Proper pump selection is more important than ever, with drastic consequences for maintenance, reliability and efficiency. The selection process remains difficult for average users, and even contracting the work to a reputable engineering firm does not guarantee success. In this column, we will cover centrifugal pump design, common pitfalls in the selection process and consequences of improper selection.

Centrifugal pump technology has been around for centuries without any revolutionary changes. There are new alloys and coatings to build the casings and impellers from, and efficiencies have increased. Bur the basic design remains largely unchanged. Unlike other 21st century technologies, a centrifugal pump from 100 years ago is nearly identical to modern designs. If anything, the older designs are more robust, with the current competitive market forcing manufacturers to cut costs by eliminating excess material.
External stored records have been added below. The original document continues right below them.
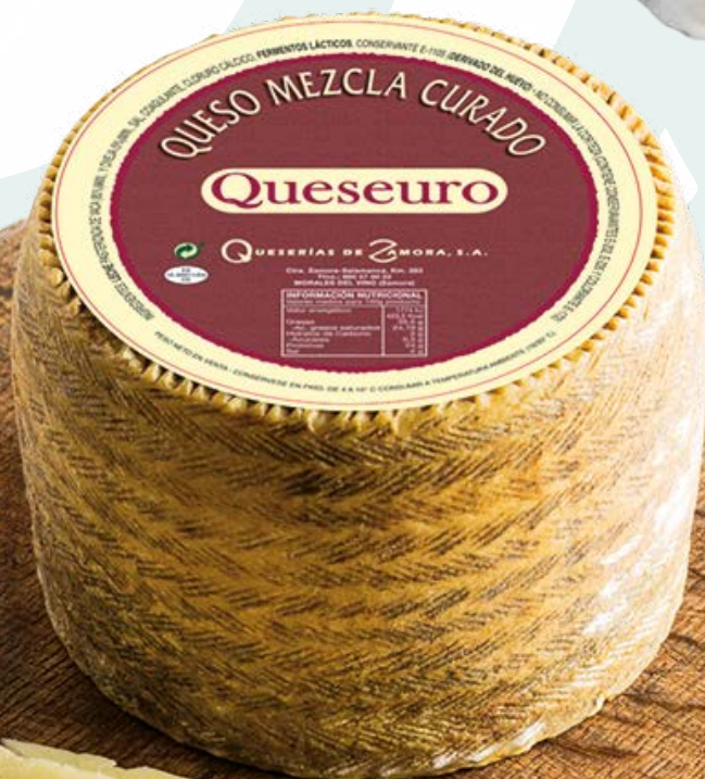
QUESO MEZCLA CURADO QUESEURO – 3KG. APROX.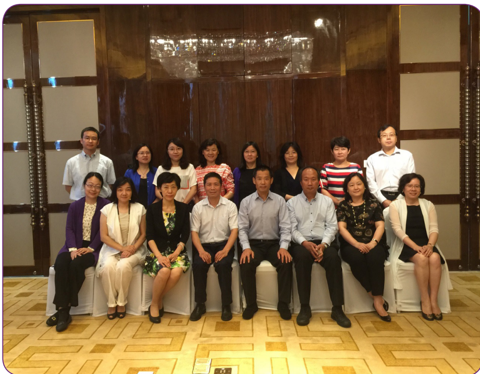
图20 7月29日，中国证券投资基金业协会在哈尔滨召开2016年合规与风险管理委员会第二次会议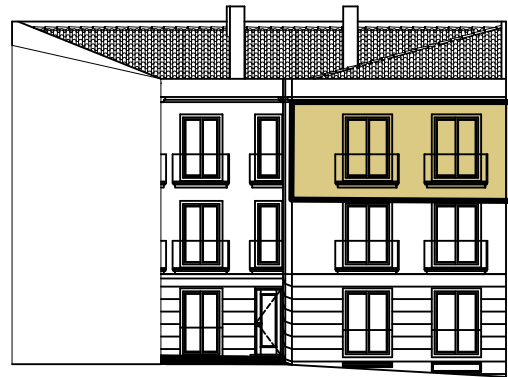
S/ Escala - Alçado Principal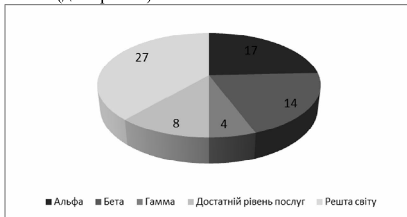
Рис. 2. Кількість актів міжнародного тероризму із числом жертв більше 100 осіб у 1970-2013 рр. – складено на основі [10] та [11]

Якщо брати до уваги тільки найбільші теракти (із кількістю жертв більше 100 осіб), то їх частка у світових містах (усіх категорій) за період з 1970 по 2013 рік складає близько чверті (135 із 510 терактів). При цьому якщо брати до уваги тільки акти міжнародного тероризму, то саме у світових містах сталося більше 60% таких інцидентів (43 з 70): 1 у 1970-х, 10 у 1980-х, 13 у 1990-х, 15 у 2000-х і 4 за період 2010-2013 рр. [10] [11]. Таким чином, їхня кількість постійно зростала. При цьому їхня кількість тим вища чим вищий рівень міста (див. рис. 2).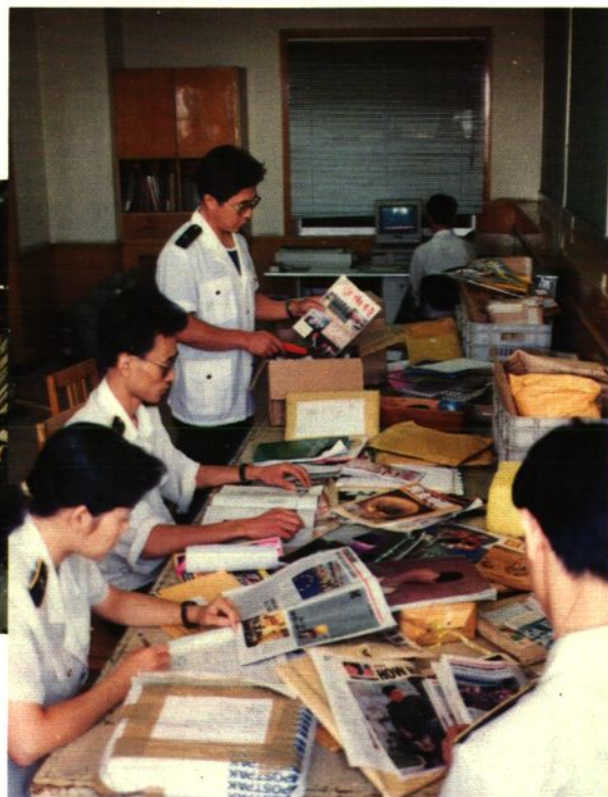
关员对进境印刷品进行监管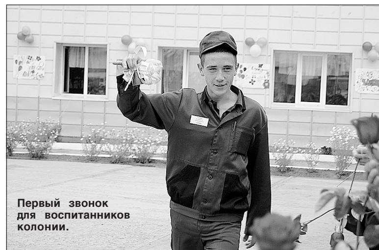
Первый звонок для воспитанников колонии.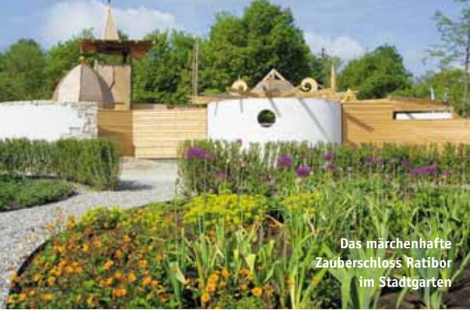
Das märchenhafte Zauberschloss Ratibor im Stadtgarten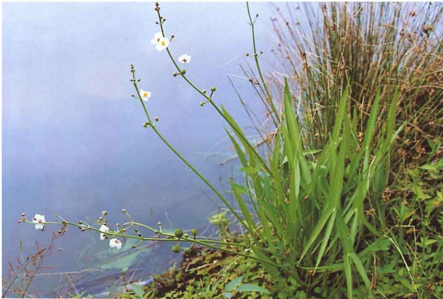
◀ あぎなし (おもだか科)

葉はすべて根もとからでる。 オモダカによく似ているが葉 の裂片の先が少しまるくなっ ている。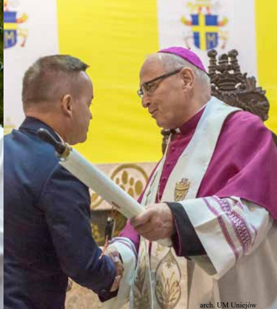
Jego Eksceleńcja Ksiądz Biskup na Uroczystości Bożego Ciała w Spycimierzu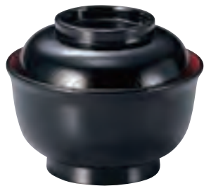
6-896-1 ¥1,650 姫木目井 黒内朱 [A] 5-256-1 (33100610)

A pump from a reputable manufacturer may perform poorly in a system regardless of the pump’s specific quality. A pump made from titanium and designed for a 30-year life cycle, while expensive, could perform inadequately for another industrial application. Therefore, it is crucial to fit the right pump to the right application. To understand why failure can occur, let’s dig into the basic operating points of centrifugal pumps.

Pump Design

As the pump shaft spins, it turns the impeller inside the casing, which adds energy into the process fluid. This allows the impeller to act as a cantilever with a wear ring, seals and bearings that keep everything in place and fluid from leaking out. The spinning impeller changes the incoming fluid’s direction, which can cause intense radial loads on the pump. The bearings not only reduce rolling friction, but also support the pump shaft and absorb these radial loads. This may be seen in a detailed view of a centrifugal pump in Image 1.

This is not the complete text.